Time-Homogeneous Markov Jump Processes:
- Definition: A Markov jump process is time-homogeneous if its transition probabilities $p_{ij}(t)$ (the probability of moving from state $i$ to state $j$ in time $t$) depend only on the length of the time interval $t$, and not on the absolute starting time $s$ or ending time $t+s$. This implies constant transition rates.
- Chapman-Kolmogorov Equations: For time-homogeneous processes, these are $p_{ij}(s+t) = \sum_{k \in S} p_{ik}(s) p_{kj}(t)$ for all $s, t > 0$. The derivation is identical to the discrete-time case.
- Kolmogorov’s Forward Differential Equations: These describe how the probabilities of being in different states evolve forward in time.
  - Component form: $\frac{d p_{ij}(t)}{dt} = \sum_{k \in S} p_{ik}(t) \mu_{kj}$ for all $i, j$.
  - Matrix form: $\frac{d \mathbf{P}(t)}{dt} = \mathbf{P}(t) \mathbf{A}$, where $\mathbf{P}(t)$ is the transition matrix and $\mathbf{A}$ is the generator matrix (with entries $\mu_{kj}$).
- Kolmogorov’s Backward Differential Equations: These describe the evolution of probabilities by considering the state at the beginning of a short interval.
  - Component form: $\frac{d p_{ij}(t)}{dt} = \sum_{k \in S} \mu_{ik} p_{kj}(t)$ for all $i, j$.
  - Matrix form: $\frac{d \mathbf{P}(t)}{dt} = \mathbf{A} \mathbf{P}(t)$.
Time-Inhomogeneous Markov Jump Processes:
- Definition: A Markov jump process is time-inhomogeneous if its transition rates $\mu_{ij}(t)$ (and thus its transition probabilities $p_{ij}(s,t)$) depend not only on the length of the time interval but also on the absolute times $s$ and $t$. This is often the case when rates depend on age.
- Chapman-Kolmogorov Equations: These remain in the same format but with time-dependent probabilities: $p_{ij}(s,t) = \sum_{k \in S} p_{ik}(s,u) p_{kj}(u,t)$ for all $s \le u \le t$. In matrix form: $\mathbf{P}(s,t) = \mathbf{P}(s,u) \mathbf{P}(u,t)$.
- Kolmogorov’s Forward Differential Equations:
  - Component form: $\frac{\partial p_{ij}(s,t)}{\partial t} = \sum_{k \in S} p_{ik}(s,t) \mu_{kj}(t)$ for all $i, j$.
  - Matrix form: $\frac{\partial \mathbf{P}(s,t)}{\partial t} = \mathbf{P}(s,t) \mathbf{A}(t)$, where $\mathbf{A}(t)$ is the time-dependent generator matrix.
- Kolmogorov’s Backward Differential Equations: This is the only one of the Kolmogorov differential equations where the derivative is taken with respect to the starting time $s$.
  - Component form: $\frac{\partial p_{ij}(s,t)}{\partial s} = - \sum_{k \in S} \mu_{ik}(s) p_{kj}(s,t)$ for all $i, j$.
  - Matrix form: $\frac{\partial \mathbf{P}(s,t)}{\partial s} = - \mathbf{A}(s) \mathbf{P}(s,t)$.
- Integrated Forms of Kolmogorov Equations: These forms express transition probabilities as integrals involving transition rates and are particularly useful when rates are time-dependent or for conditioning on the first/last jump.

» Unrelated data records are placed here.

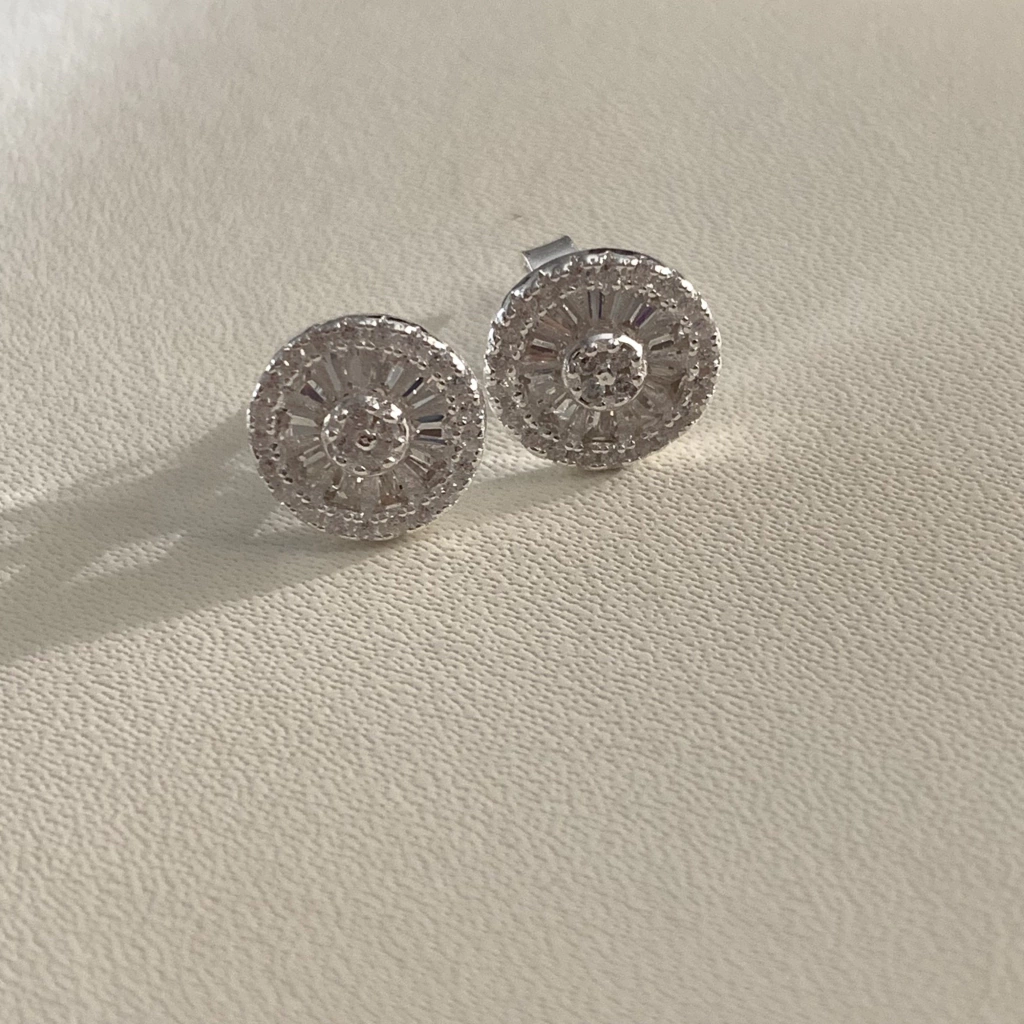 Brinco totalmente confeccionado em prata 925, cravejado de zircônias incolores em formato pizza.
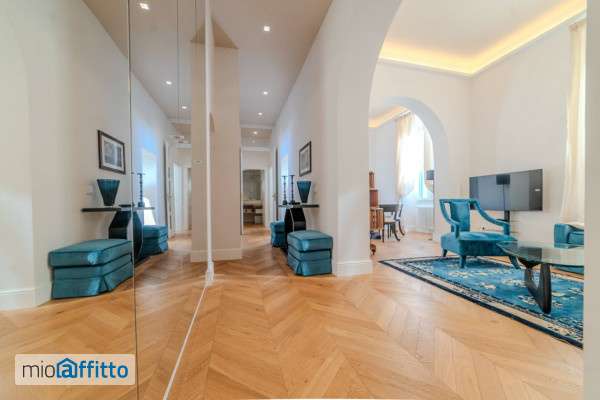 Nei pressi del Lungarno Soderini, all'altezza del Ponte Vespucci, elegante appartamento completamente ristrutturato, situato in palazzo ottocentesco, in una delle zone residenziali più prestigiose del centro storico fiorentino. L'appartamento di circa 130mq, disposto su un unico livello, è ubicato al primo piano del palazzo ed è dotato di ascensore. L'ingresso si apre su un ampio e luminoso soggiorno doppio in cui si trova anche la sala da pranzo, separata da una parete ad arco. La cucina abitabile ed attrezzata, dotata di comodo ripostiglio si affaccia sulla corte interna. Il reparto notte, separato da una porta a specchio, è composto da 2 ampie camere matrimoniali e due comodi bagni con doccia, entrambi finestrati. Ogni spazio risulta essere molto curato, caratterizzato da elementi di arredo raffinati come i pavimenti in parquet, pareti e soffitto rifiniti con cornici decorative, illuminazione sapientemente studiata ed armadi su misura. L'appartamento risulta essere molto luminoso grazie alla doppia esposizione ed ai piacevoli affacci. In tutti gli ambienti, inclusa la cucina, sono presenti l'aria condizionata e le zanzariere. Le parti condominiali sono state interamente ristrutturate di recente, garantendo un contesto curato e di prestigio. Completa la proprietà una comoda cantina. L'appartamento viene affittato arredato. Solo referenziati. No subaffitto.
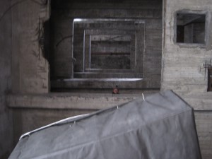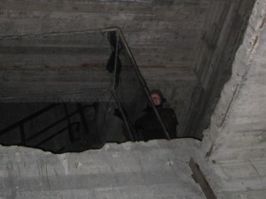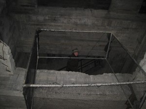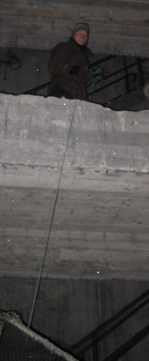 During winter, I have stored some cages in the coal cleaning building. This building is the biggest in town, but rather dark and spooky. Today Margje and Maarten are collecting these cages from the second floor, lowering them on a long line. More information about this building and all other buildings in the village can be found here. |
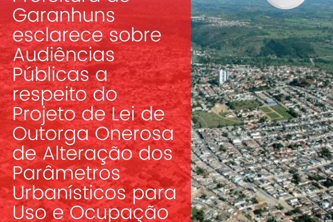 Por meio da Secretaria de Planejamento e Gestão, o município dispõe as informações oficiais sobre o ANTEPROJETO (minuta, uma vez que estamos ouvindo a população para a criação de um projeto), que “dispõe sobre a Outorga Onerosa de Alteração dos Parâmetros Urbanísticos para Uso e Ocupação do Solo – OAPUOS, no Município de Garanhuns e dá outras providências”, que são divulgadas através das redes de comunicação oficiais do município, assim como foram enviados ofícios desde a primeira Audiência Pública, realizada nos dias 09/03/22, 29/03/22 e a próxima no dia 09/05/22, aos órgãos de controle, fiscalização e de conhecimento técnico aprimorado, como alguns dos exemplos como o CAU – Conselho de Arquitetura e Urbanístico, CREA – Conselho Regional de Engenharia, Agronomia e Geociências, MP/PE – Ministério Publico Estadual, OAB – Ordem dos Advogados do Brasil (Subseccional Garanhuns) e outros órgãos que de maneira espontânea colaboraram com ideias e sugestões para o fortalecimento e resgate deste município quem vem sofrendo na ultima década.
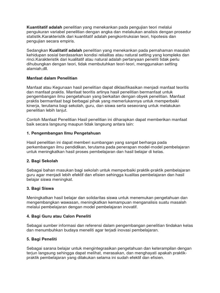 Manfaat teoritis, berlatar dari tujuan penelitian varifikatif untuk memverifikasi teori yang sudah ada. Manfaat penelitian ini erat hubungannya dengan tujuan penelitianoleh karenannya hampir setiap karya tulis baik skripsi makalah karya ilmiah proposal penelitian dan lain sebaginya selalu menyertakannya. Jul 31, 2021 · posting pada s1, sma, umum ditag bab 1 manfaat akademis, bab 1 manfaat penelitian, contoh bentuk dan strategi penelitian, contoh kegunaan penelitian, contoh kuantitatif, contoh makalah yang ada manfaat penulisan, contoh manfaat aplikatif, contoh manfaat penelitian, contoh manfaat penelitian kuantitatif, contoh manfaat teoritis dan praktis dalam. Manfaat praktis bermanfaat bagi berbagai pihak yang memerlukannya untuk memperbaiki kinerja, terutama bagi sekolah, guru, dan siswa serta seseorang untuk melakukan penelitian lebih lanjut. Untuk mengaplikasikan ilmu yang telah diperoleh selama menempuh pendidikan di perguruan tinggi raharja dengan membuat laporan penelitian secara ilmiah dan sistematis.

For example, the probability of staying in state $i$ from $s$ to $t$ is $p_{ii}(s,t) = \exp\left(-\int_s^t \lambda_i(u) du\right)$, where $\lambda_i(u)$ is the total force of transition out of state $i$ at time $u$.

9.0.1.4 Objective 4: Solve the Kolmogorov equations in simple cases.

Solving these differential equations provides expressions for transition probabilities. While complex in general, simpler cases often involve constant transition rates.

Two-State Markov Model (Alive-Dead):
- This is a fundamental example where transition is only in one direction (alive to dead).
- Assumptions: It relies on the Markov assumption, a specific form for the probability of death in a short interval ($\mu_{x+t} h + o(h)$), and constant force of mortality $\mu$ over a short period.
- Kolmogorov Forward Equation Derivation: By considering $p_{x}(t+h)$ and using the Markov assumption and the short-interval probability, one can derive $\frac{\partial p_x(t)}{\partial t} = -p_x(t)\mu_{x+t}$.
- Solution for Constant Force: If $\mu_{x+t}$ is a constant $\mu$, the solution is $p_x(t) = e^{-\mu t}$. This is the probability of a life aged $x$ surviving for time $t$. This result is consistent with survival models formulated in terms of lifetime distributions.
General Approach to Solving Simple Cases:
- For time-homogeneous processes, the solution to $\frac{d \mathbf{P}(t)}{dt} = \mathbf{A} \mathbf{P}(t)$ or $\mathbf{P}(t) \mathbf{A}$ often involves the matrix exponential, $e^{\mathbf{A}t}$. While explicit calculation of matrix exponentials can be complex, many problems involve small matrices or specific structures that allow for direct solution using standard differential equation techniques.
- For instance, in a two-state machine model (‘being repaired’ (0) and ‘working’ (1)), solving the forward differential equation for $P_{00}(t)$ (probability of being in state 0 at time $t$ given starting in state 0) might lead to an expression like $P_{00}(t) = \frac{1}{5} + \frac{4}{5}e^{-5t}$.
- The “Poisson process revisited” section provides a direct example where the specific structure of the generator matrix simplifies the forward equations to a form that can be solved directly, yielding the Poisson distribution for $p_{ij}(t)$.

9.0.1.5 Objective 5: State the Kolmogorov equations for a model where the transition intensities depend not only on age/time, but also on the duration of stay in one or more states.

Duration dependence means that the transition intensities are not just a function of calendar time or age, but also of how long an individual has been in their current state.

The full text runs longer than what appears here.